Just made out with a pet sitter. His biz card says "even hamsters". Lowest point in my life.
A 14 year old with a teardrop tattoo just tried to sell me weed. I'm in the wrong fucking neighborhood.
i woke up next to a ladle and a packet of chocolate biscuits that my face had melted into one giant biscuit.
Dude, Taco Bell gave me a free fiesta potatoes when I won a bet on wether I could fit the entire rim of a cup in my mouth.
Told him I'd blow him in the bathroom. There was a giant window everyone was looking thru. He whipped it out n I burst out laughing n walked away. Even blackout drunk I set the bar high. You should be proud.
...if you're living vicariously thought me, that was a great blow job you just gave in the B&N parking lot.
Correction... Drunk on winter break. There are no days of the week on break.
Yeah yeah, I don't care. I bought a super soaker, so lets please go attracting attention by spraying each other while wearing white tank tops?

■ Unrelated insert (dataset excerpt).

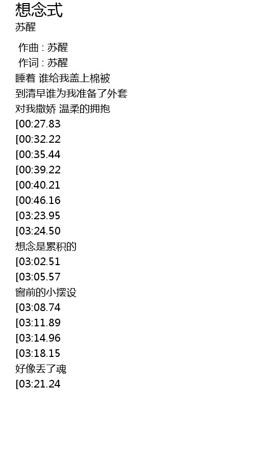 | [03:49.48][03:24.50][02:59.24][02:08.53][01:43.31][00:51.72] | 想念是随意的 想念是累积的 |

I am just saying if Clark Kent walks into your life, you fuck him
i just want a position where we can lock up like some sort of sexual megatron and go the whole night that way
I don't think this guy is worth it unless he's a skilled sexual amigo
Erin was right. There were bees at the after hours.
I will feel awake by 6 pm
Are we not meeting until 6?
No I'm just saying thats usually when my body knows it's time to party
He's literally cuddling with the washer and dryer.
I told him. He hasn't said anything. Crying and holding cats is probably what is happening.